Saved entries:

______________________________

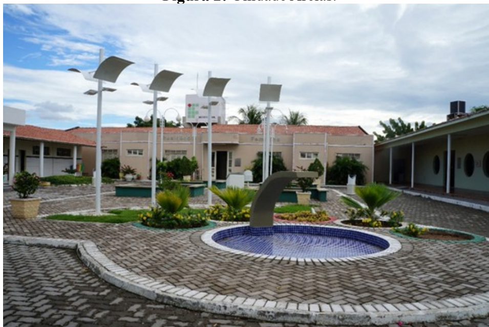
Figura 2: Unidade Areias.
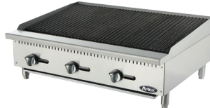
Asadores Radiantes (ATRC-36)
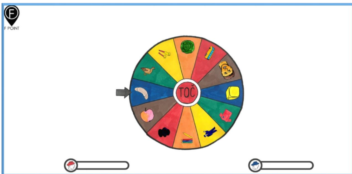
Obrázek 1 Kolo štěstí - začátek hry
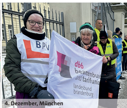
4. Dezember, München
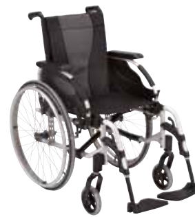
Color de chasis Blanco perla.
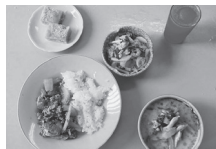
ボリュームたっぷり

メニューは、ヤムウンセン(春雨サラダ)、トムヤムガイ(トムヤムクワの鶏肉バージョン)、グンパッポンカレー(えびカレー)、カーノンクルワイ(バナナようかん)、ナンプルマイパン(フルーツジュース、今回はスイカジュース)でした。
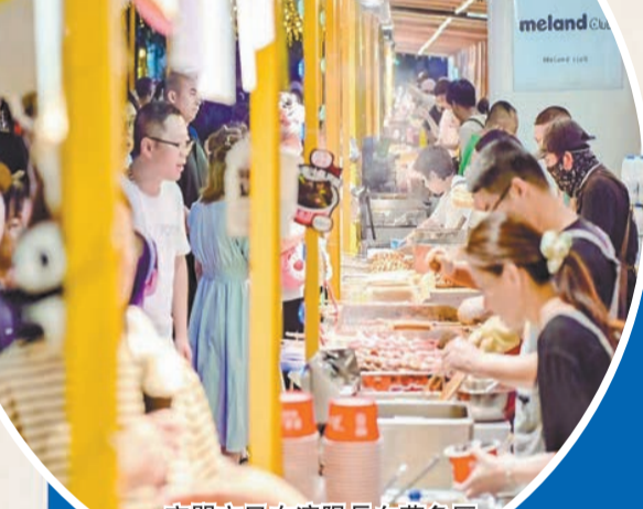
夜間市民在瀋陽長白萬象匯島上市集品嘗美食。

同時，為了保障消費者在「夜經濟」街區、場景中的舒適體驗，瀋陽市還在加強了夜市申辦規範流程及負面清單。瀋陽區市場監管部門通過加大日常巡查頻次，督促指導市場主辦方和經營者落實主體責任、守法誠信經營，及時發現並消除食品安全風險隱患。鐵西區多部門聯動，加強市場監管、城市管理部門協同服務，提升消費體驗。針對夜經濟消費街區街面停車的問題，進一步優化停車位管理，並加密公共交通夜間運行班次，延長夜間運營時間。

______________________________

• YOUR ASSIGNMENT: Leave out the images and repeat the rest of the data word for word.

• WRITTEN ANSWER:
Figura 2: Unidade Areias.
Asadores Radiantes (ATRC-36)
Obrázek 1 Kolo štěstí - začátek hry
4. Dezember, München
Color de chasis Blanco perla.
ボリュームたっぷり

メニューは、ヤムウンセン(春雨サラダ)、トムヤムガイ(トムヤムクワの鶏肉バージョン)、グンパッポンカレー(えびカレー)、カーノンクルワイ(バナナようかん)、ナンプルマイパン(フルーツジュース、今回はスイカジュース)でした。
夜間市民在瀋陽長白萬象匯島上市集品嘗美食。

同時，為了保障消費者在「夜經濟」街區、場景中的舒適體驗，瀋陽市還在加強了夜市申辦規範流程及負面清單。瀋陽區市場監管部門通過加大日常巡查頻次，督促指導市場主辦方和經營者落實主體責任、守法誠信經營，及時發現並消除食品安全風險隱患。鐵西區多部門聯動，加強市場監管、城市管理部門協同服務，提升消費體驗。針對夜經濟消費街區街面停車的問題，進一步優化停車位管理，並加密公共交通夜間運行班次，延長夜間運營時間。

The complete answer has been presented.